> _Extracted data entries_
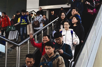当日是正月十六,受务工流和学生流相互叠加影响,济南火车站迎来节后返程高峰,预计发送旅客7.9万人,抵达旅客6.6万人。 (新华社记者 郭绪雷 摄)
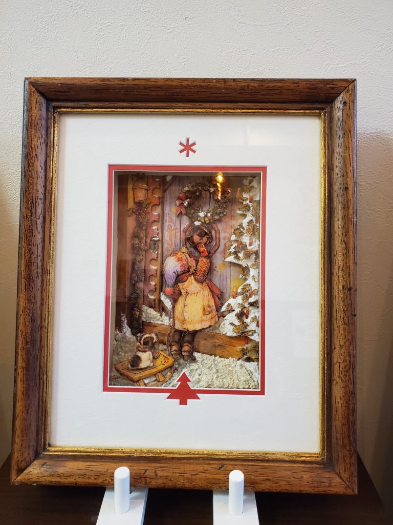 毎月季節に合わせて待ちあいの本棚の上に手作りのシャドーボックスを置いています。 実はスタッフの作品です。
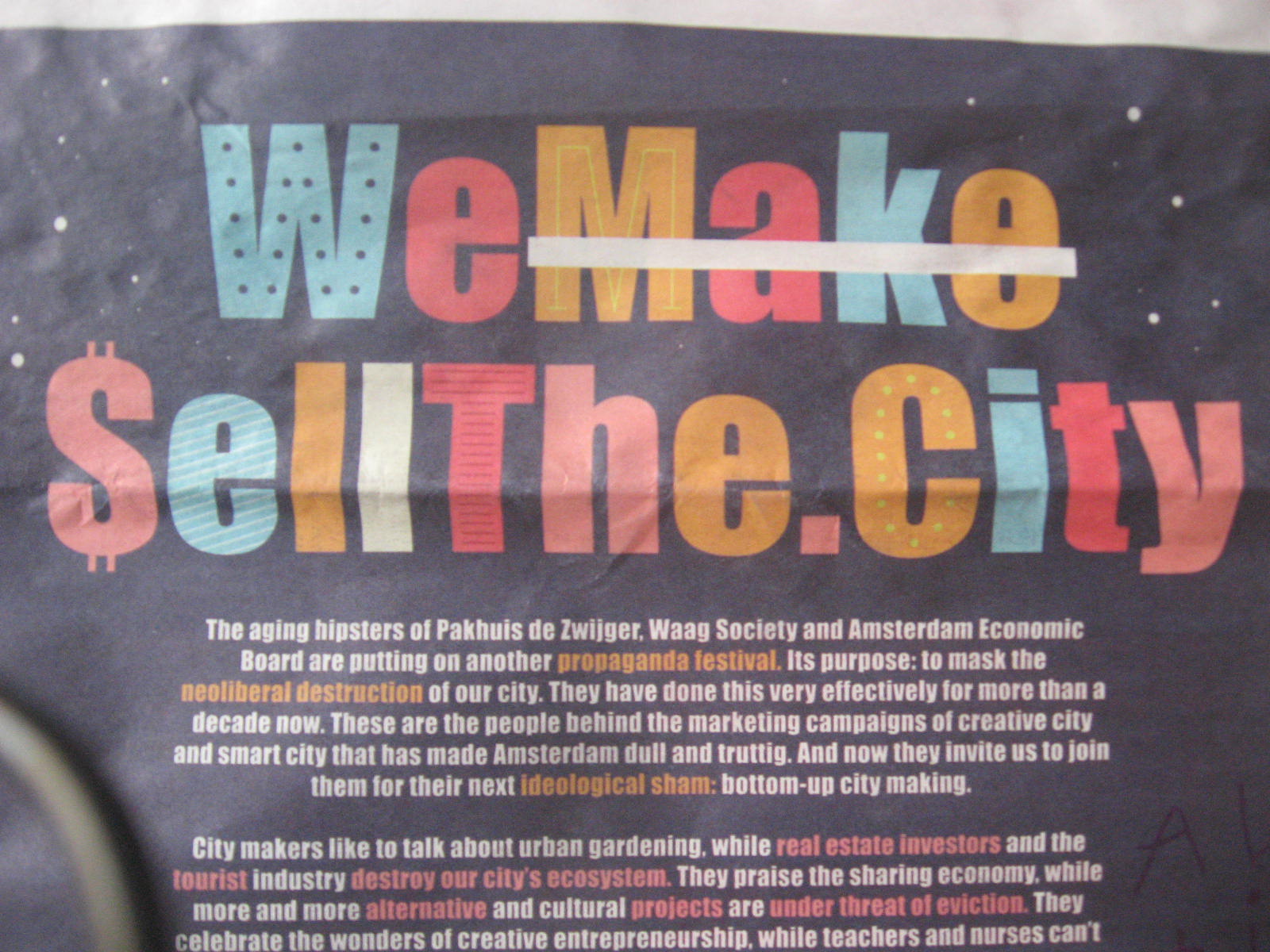 Recensies enzo WeMakeCity? WeMake$ellThe.City. Deze manifest-achtige tekst stond op de voorpagina van het gratis maandblad Amsterdam Alternative. Maar de tekst was vreemd genoeg niet op hun website (of… Amsterdam Alternative/City Makers Liberation Army 10 mei, 2018 · 4 min leestijd
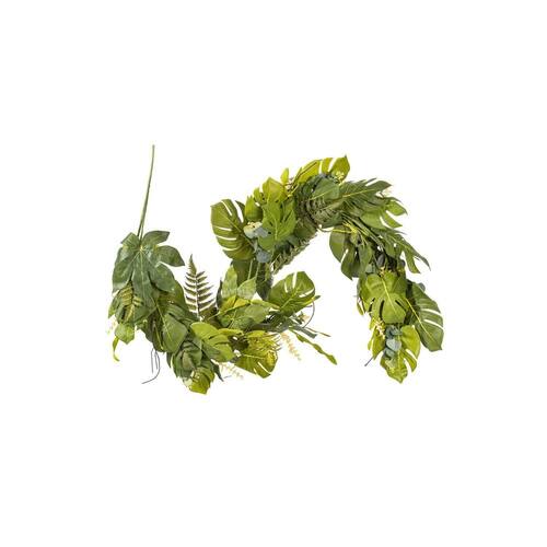 Guirlanda de folhagem de selva mista verde Vickerman de 6 pés. Este é um item artificial com uma combinação de folhas de monstera, aponica, samambaia e eucalipto.
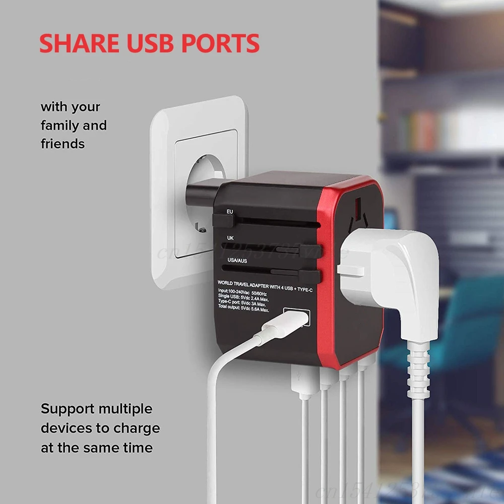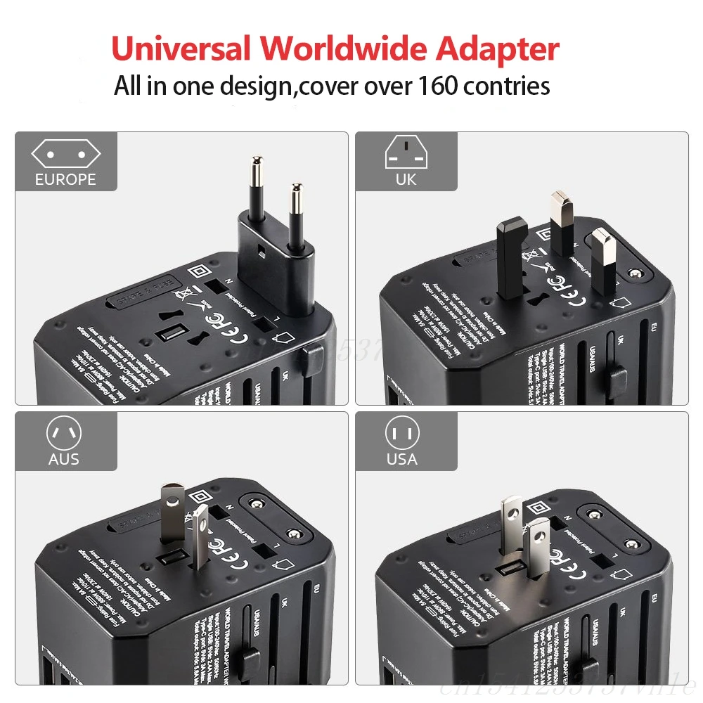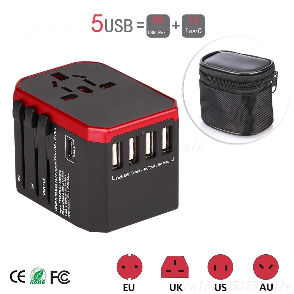 Дорожный адаптер Международный универсальный адаптер питания все-в-одном с 5 USB по всему миру настенное зарядное устройство для Великобритании/ЕС/США/Азии

> _Task description_
Type the entries again verbatim. Drop the images.

> _Expected output_
当日是正月十六,受务工流和学生流相互叠加影响,济南火车站迎来节后返程高峰,预计发送旅客7.9万人,抵达旅客6.6万人。 (新华社记者 郭绪雷 摄)
 毎月季節に合わせて待ちあいの本棚の上に手作りのシャドーボックスを置いています。 実はスタッフの作品です。
 Recensies enzo WeMakeCity? WeMake$ellThe.City. Deze manifest-achtige tekst stond op de voorpagina van het gratis maandblad Amsterdam Alternative. Maar de tekst was vreemd genoeg niet op hun website (of… Amsterdam Alternative/City Makers Liberation Army 10 mei, 2018 · 4 min leestijd
 Guirlanda de folhagem de selva mista verde Vickerman de 6 pés. Este é um item artificial com uma combinação de folhas de monstera, aponica, samambaia e eucalipto.
 Дорожный адаптер Международный универсальный адаптер питания все-в-одном с 5 USB по всему миру настенное зарядное устройство для Великобритании/ЕС/США/Азии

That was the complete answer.